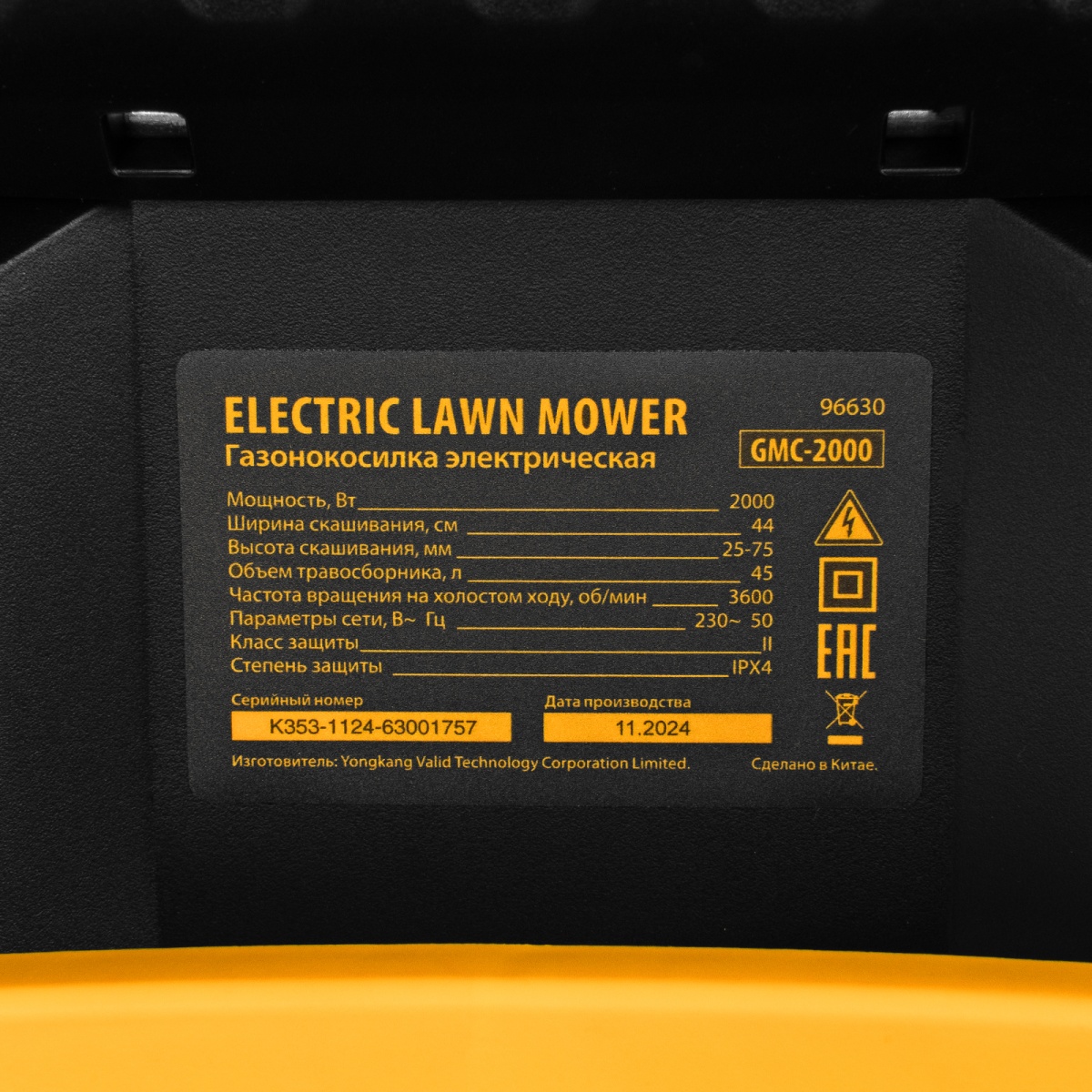 Наличие клапана для сброса давления Газонокосилка электрическая GMC-2000, шир. 44см, 2000 Вт, 6 уров., травосб. 45 л Denzel
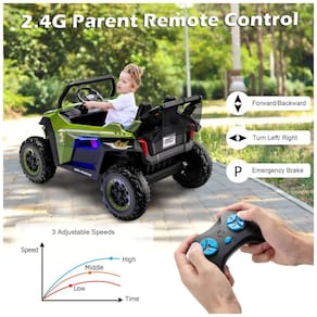 O UTV também inclui uma série de recursos de entretenimento, como música embutida, som real do motor e botões de buzina. Para tornar a condução ainda mais divertida, ele possui conectividade com USB, slot para MP3, FM e Bluetooth, permitindo que você toque as músicas favoritas das crianças durante a brincadeira.
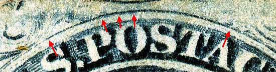 | Figure 3. (Below) (Below) Detail view of TOP RECUT line. Note that the recut line is slightly doubled over the "P and O" of POSTAGE.
════════
Leave every picture out and write out exactly the lines from the line with "O UTV também" through the last line of the material.

__FINAL ANSWER__.
 O UTV também inclui uma série de recursos de entretenimento, como música embutida, som real do motor e botões de buzina. Para tornar a condução ainda mais divertida, ele possui conectividade com USB, slot para MP3, FM e Bluetooth, permitindo que você toque as músicas favoritas das crianças durante a brincadeira.
 | Figure 3. (Below) (Below) Detail view of TOP RECUT line. Note that the recut line is slightly doubled over the "P and O" of POSTAGE.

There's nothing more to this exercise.